Talus Fractures: Evaluation and Treatment

Christopher Lee, MD; Dane Brodke, MD; Paul W. Perdue, Jr, MD; Tejas Patel, MD

Disclosures

J Am Acad Orthop Surg. 2020;28(20):e878-e887. 

In This Article

Outcomes

Functional outcomes after fractures of the talus, corresponding to the pattern predicting osteonecrosis and OA, correlate with increasing disruption of the peritalar joints. The AOFAS scores of 74 talar neck fractures included in a recent systematic review were 77, 86, 68, and 68 for Hawkins types I to IV.[16] A 2004 series of 70 displaced talar neck fractures with median 5.2-year follow-up remains one of the most instructive single series on functional outcomes after talar neck fracture.[13] Twenty-six patients required secondary reconstructive surgery, mostly arthrodesis, including 13 within 12 months and 13 after 12 months. The 20 patients who did not require reconstructive surgery and healed without malalignment or developing arthritis had "virtually normal function" with minimal pain and disability. In the series by Vallier et al[12] of 57 talar body fractures with a mean 33-month follow-up, 15 required secondary procedures, 67% returned to their previous level of employment, and the mean Foot Function Index scores were 41 for pain, 37 for disability, and 19 for activity.

Functional outcomes in isolated process or head fractures are somewhat better.

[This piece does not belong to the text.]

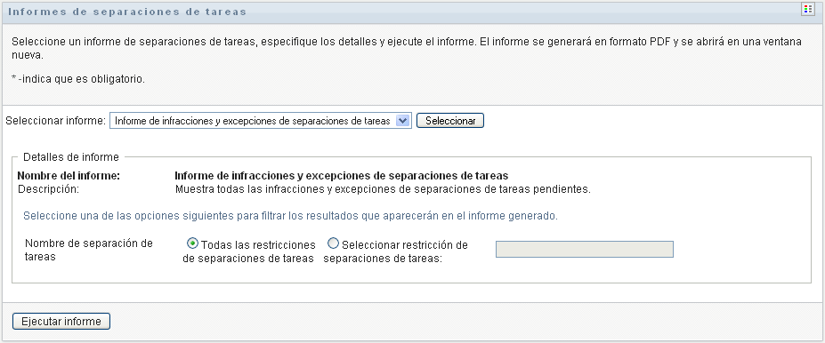 Seleccione para ver todas las infracciones y excepciones pendientes correspondientes a todas las restricciones de separación de tareas. O bien elija para centrar el informe en las infracciones de una única restricción de separación de tareas.
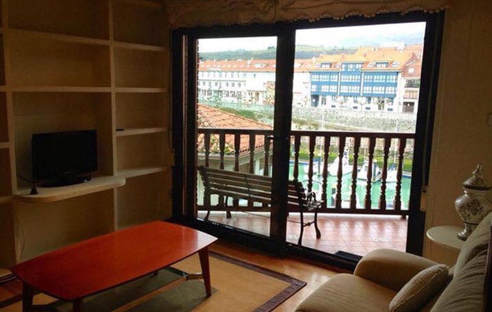 Vivienda de uso turístico en el puerto de Llanes con dos dormitorios, dos baños, salón con terraza, cocina y tendedero a 300 metros de la playa del Sablón.

Among 20 lateral process fractures with a mean 3.5-year follow-up, the mean AOFAS score was 93, with the score for surgically treated patients (97) higher than that for nonsurgically treated patients (85).[31] All surgically treated patients were able to return to their previous level of sport, as were two of six treated nonsurgically.[31] For talar head fractures, the PROMIS scores at the mean 14.5-month follow-up in 8 surgically treated cases were 42.95 for physical function, 54.57 for pain interference, and 50.84 for disability, all of which are within 1 SD of the population mean.[33]